Action item
This task calls for the lines below starting at the one containing "林智妍2018年4月26日身着Fayewoo白色连衣裙现身品牌活动" and ending at the one containing "рис – 8 шт.", repeated exactly with both ends kept and pictures left out.

Records to use
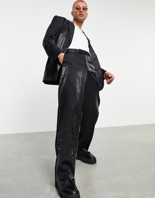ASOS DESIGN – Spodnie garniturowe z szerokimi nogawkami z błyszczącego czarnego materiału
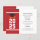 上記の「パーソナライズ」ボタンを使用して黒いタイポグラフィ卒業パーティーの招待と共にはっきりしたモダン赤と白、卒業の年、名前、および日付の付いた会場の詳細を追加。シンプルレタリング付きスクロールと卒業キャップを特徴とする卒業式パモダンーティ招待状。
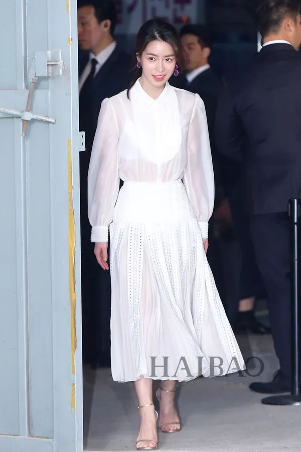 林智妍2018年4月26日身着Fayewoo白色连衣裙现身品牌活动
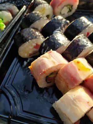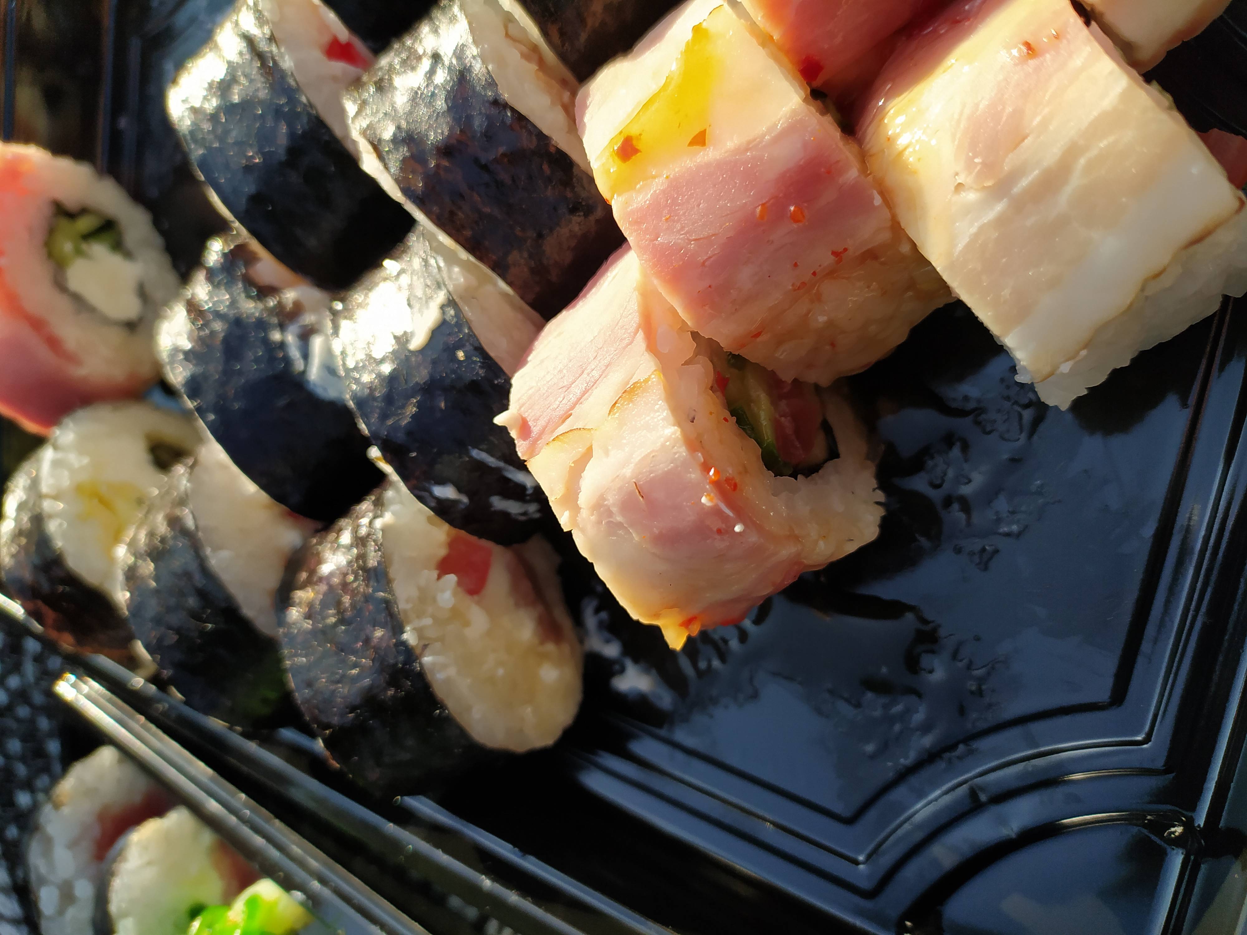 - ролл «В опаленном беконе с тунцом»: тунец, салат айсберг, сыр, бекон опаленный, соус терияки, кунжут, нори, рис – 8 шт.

--

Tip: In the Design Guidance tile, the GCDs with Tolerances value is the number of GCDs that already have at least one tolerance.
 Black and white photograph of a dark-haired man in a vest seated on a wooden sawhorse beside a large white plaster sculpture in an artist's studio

Result
 林智妍2018年4月26日身着Fayewoo白色连衣裙现身品牌活动
 - ролл «В опаленном беконе с тунцом»: тунец, салат айсберг, сыр, бекон опаленный, соус терияки, кунжут, нори, рис – 8 шт.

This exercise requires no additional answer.